(Dataset items)
= = = =

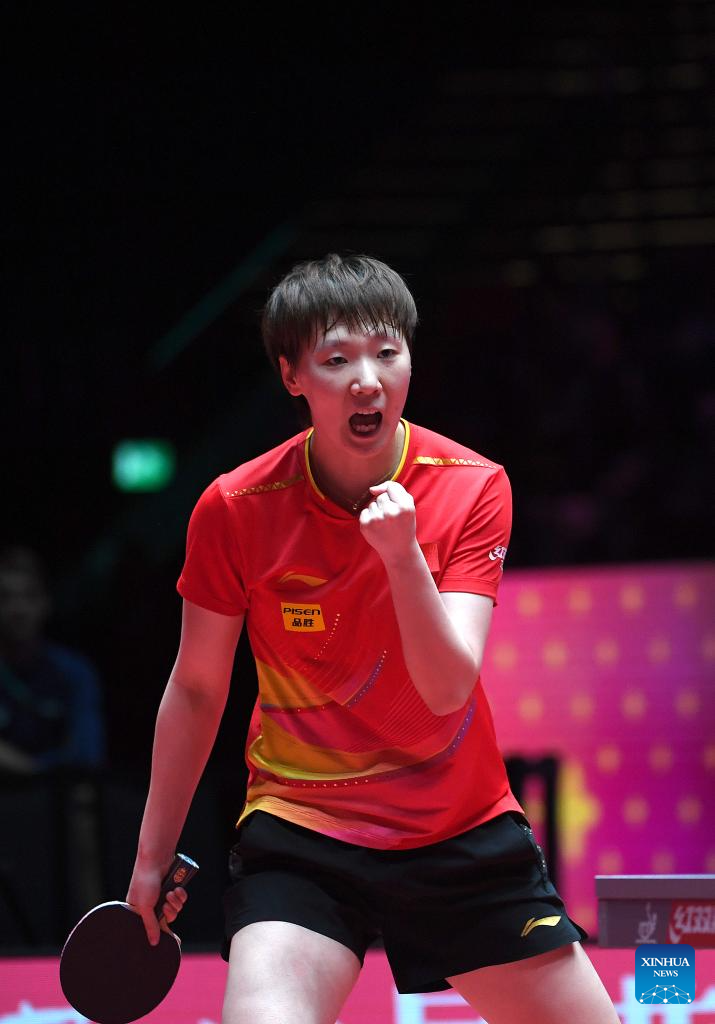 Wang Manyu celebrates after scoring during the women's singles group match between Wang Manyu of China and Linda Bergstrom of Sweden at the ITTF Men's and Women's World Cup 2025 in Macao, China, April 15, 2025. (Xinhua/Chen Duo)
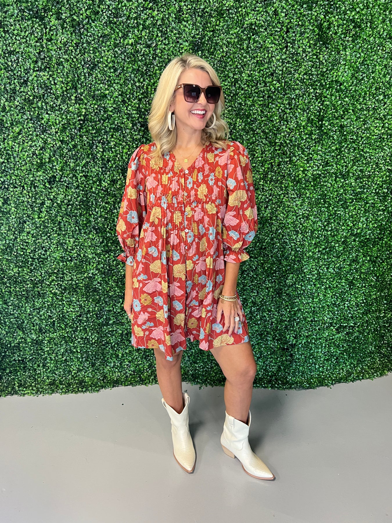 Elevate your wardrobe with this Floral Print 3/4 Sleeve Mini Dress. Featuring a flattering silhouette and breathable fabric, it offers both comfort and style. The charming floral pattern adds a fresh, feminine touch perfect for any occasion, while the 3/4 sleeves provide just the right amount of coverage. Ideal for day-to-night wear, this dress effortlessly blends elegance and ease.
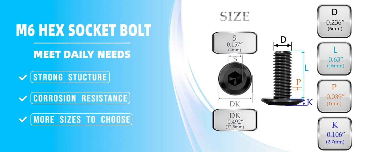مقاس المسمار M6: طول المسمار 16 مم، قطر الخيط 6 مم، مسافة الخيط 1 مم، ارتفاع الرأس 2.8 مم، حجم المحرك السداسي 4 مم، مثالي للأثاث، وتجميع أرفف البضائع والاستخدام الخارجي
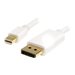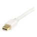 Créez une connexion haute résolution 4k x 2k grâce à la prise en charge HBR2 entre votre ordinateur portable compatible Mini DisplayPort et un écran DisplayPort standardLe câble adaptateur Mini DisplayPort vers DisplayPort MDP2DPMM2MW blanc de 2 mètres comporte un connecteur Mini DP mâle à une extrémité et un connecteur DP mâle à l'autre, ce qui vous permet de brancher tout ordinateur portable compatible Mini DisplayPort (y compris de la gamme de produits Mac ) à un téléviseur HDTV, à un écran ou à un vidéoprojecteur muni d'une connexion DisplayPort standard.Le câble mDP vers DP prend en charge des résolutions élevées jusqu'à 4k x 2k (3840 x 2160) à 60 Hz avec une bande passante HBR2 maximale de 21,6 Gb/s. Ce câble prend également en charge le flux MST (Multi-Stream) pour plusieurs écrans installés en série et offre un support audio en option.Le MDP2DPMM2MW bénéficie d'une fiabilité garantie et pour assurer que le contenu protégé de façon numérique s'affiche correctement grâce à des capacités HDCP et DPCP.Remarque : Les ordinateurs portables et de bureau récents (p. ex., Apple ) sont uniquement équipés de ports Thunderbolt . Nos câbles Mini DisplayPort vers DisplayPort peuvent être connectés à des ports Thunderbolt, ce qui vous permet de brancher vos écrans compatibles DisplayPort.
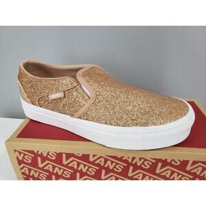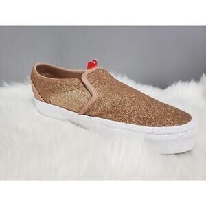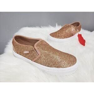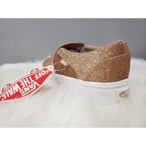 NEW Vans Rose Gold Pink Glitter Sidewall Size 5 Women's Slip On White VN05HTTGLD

= = = =

ABOUT THIS TASK:
The images in the entries above should be left out; please reproduce exactly the lines from the first through the one containing "مقاس المسمار M6: طول".

EXERCISE SOLUTION:
 Wang Manyu celebrates after scoring during the women's singles group match between Wang Manyu of China and Linda Bergstrom of Sweden at the ITTF Men's and Women's World Cup 2025 in Macao, China, April 15, 2025. (Xinhua/Chen Duo)
 Elevate your wardrobe with this Floral Print 3/4 Sleeve Mini Dress. Featuring a flattering silhouette and breathable fabric, it offers both comfort and style. The charming floral pattern adds a fresh, feminine touch perfect for any occasion, while the 3/4 sleeves provide just the right amount of coverage. Ideal for day-to-night wear, this dress effortlessly blends elegance and ease.
مقاس المسمار M6: طول المسمار 16 مم، قطر الخيط 6 مم، مسافة الخيط 1 مم، ارتفاع الرأس 2.8 مم، حجم المحرك السداسي 4 مم، مثالي للأثاث، وتجميع أرفف البضائع والاستخدام الخارجي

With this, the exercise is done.